Receive the healing for yourself and continue to love the other person anyway. Love them in a way that is healthy for you and healthy for them, whatever that means. God’s healing will show up, even if it’s not the way you hope. On the other side of your broken heart, you will be healed and a better person for what you had to go through.
You may be praying over physical healing. We live in a broken world. Pain and sickness is a part of our experience here. Healing on this earth may be different than what we perceive it to be. As we pray over our health, it may be that God will not touch our physical bodies this side of heaven, but He will heal our spiritual self. He may not heal the body, but give us strength and lessons surrounding our physical ailments. Our ways are not the same as His ways, and His ways are always higher (Isaiah 55:8-9). As we believe this we will begin to heal.
It may be some form of mental illness. Anxiety, depression, trauma induced mental anguish. Far too often we look to other things to heal this kind of pain. Some things that we look towards are tools that God can use to help heal us, but they should never take the place of faith that God can heal us. I tend to believe there are different levels of healing when it comes to mental illness. God can take it all away, but sometimes He allows us to walk with a “thorn in our flesh” for his own purposes. I have heard of many people who struggled with Bi-Polar disorder. Though they prayed for God’s healing, they continued to struggle. Yet God used their struggle to mold them into mighty prayer warriors. I have also known of people who struggled with PTSD and suicidal ideation for years and they were fully delivered from it.

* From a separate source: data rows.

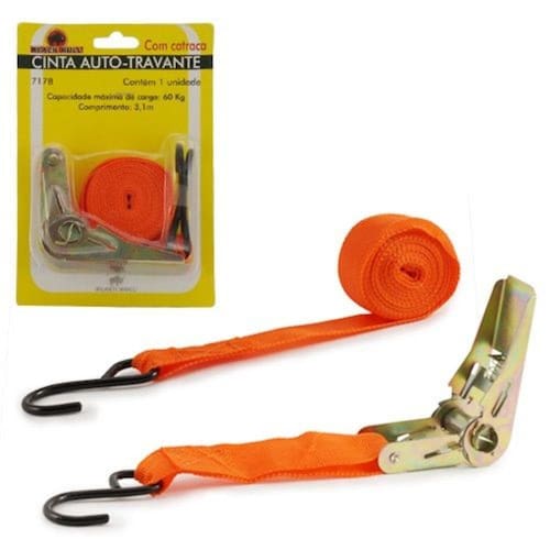 .Ideal para transportar:- Motos- Jet-Ski- Barcos- Carrinhos de Mão- Cargas em Peck-UpConteúdo da Embalagem:01 Cinta com Catraca para Amarração Composição: Ferro, fibra de polipropileno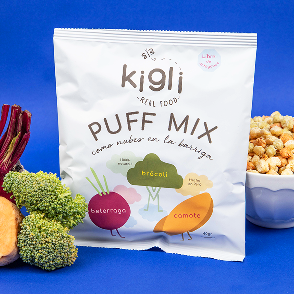 Recuerda que el Kigli puff tiene alto contenido de hierro y proteínas que aportan al desarrollo integral de tu pequeño.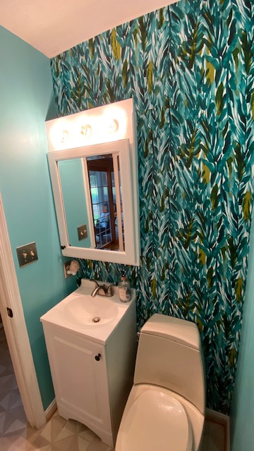 In January, we ended up tearing out the pedestal sink that took up a ton of space with NO storage, and replacing it with a small 18” vanity. I also painted the existing wood mirror/light combo white to match the new sink base and called it a day.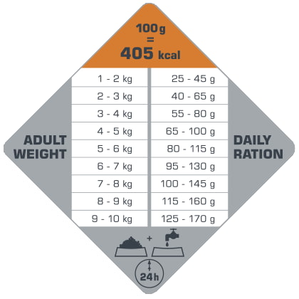 - Адаптированная и очень вкусные крокеты размером 9 мм обеспечивает легкое проглатывание и хорошее пищеварение.

Ephesians 6 says to stand firm. The key to find the healing is understanding that it is already there for us is to pray and ask God for, and then we have to stand. Stand in Faith, and stand in truth. Stand when it is easy and keep standing when we are tempted to stop standing. From the time I began praying my prayer to the time I recognized that God had answered it was a period of about eighteen months. Things got worse before they got better. I got angry at God and I could barely talk to Him during my time of standing, but I stood. And now I see very clearly what he was doing.
I pray with my readers for healing. Whatever it is that this person who is reading this right now is going through, you Lord are very aware of it. Lord Jesus, You were wounded for our transgressions and bruised for our iniquities. The punishment that brought peace to all of mankind was upon You and by Your stripes we are healed. Lord Jesus, I ask for healing on this person who is reading this. Please don’t let the blood You shed go unrecognized because it is hard for us to understand Your ways. Give this individual the courage to stand as You do your good work. May they learn to stand with the belt of truth securely in place around their waste. May they stand with the shield of faith, no matter how heavy that shield is to hold. Give this person the strength to stand until You see it fit to reveal to them that you have been right there by their side this whole time.

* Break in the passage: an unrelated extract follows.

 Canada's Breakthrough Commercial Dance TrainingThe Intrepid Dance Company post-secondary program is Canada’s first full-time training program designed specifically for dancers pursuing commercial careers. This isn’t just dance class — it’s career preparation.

Thank you Lord for hearing my prayer. It is in the priceless, matchless name of Jesus Christ, our Lord and Savior that I ask all of this,
"He was despised and rejected by mankind, a man of suffering, and familiar with pain. Like one from whom people hide their faces he was despised, and we held Him in low esteem. Surly He took up our pain and bore our suffering, yet we considered Him punished by God, stricken by Him and afflicted.
But he was pierced for our transgressions, He was crushed for our iniquities; the punishment that brought us peace was upon Him and by His stripes we are healed."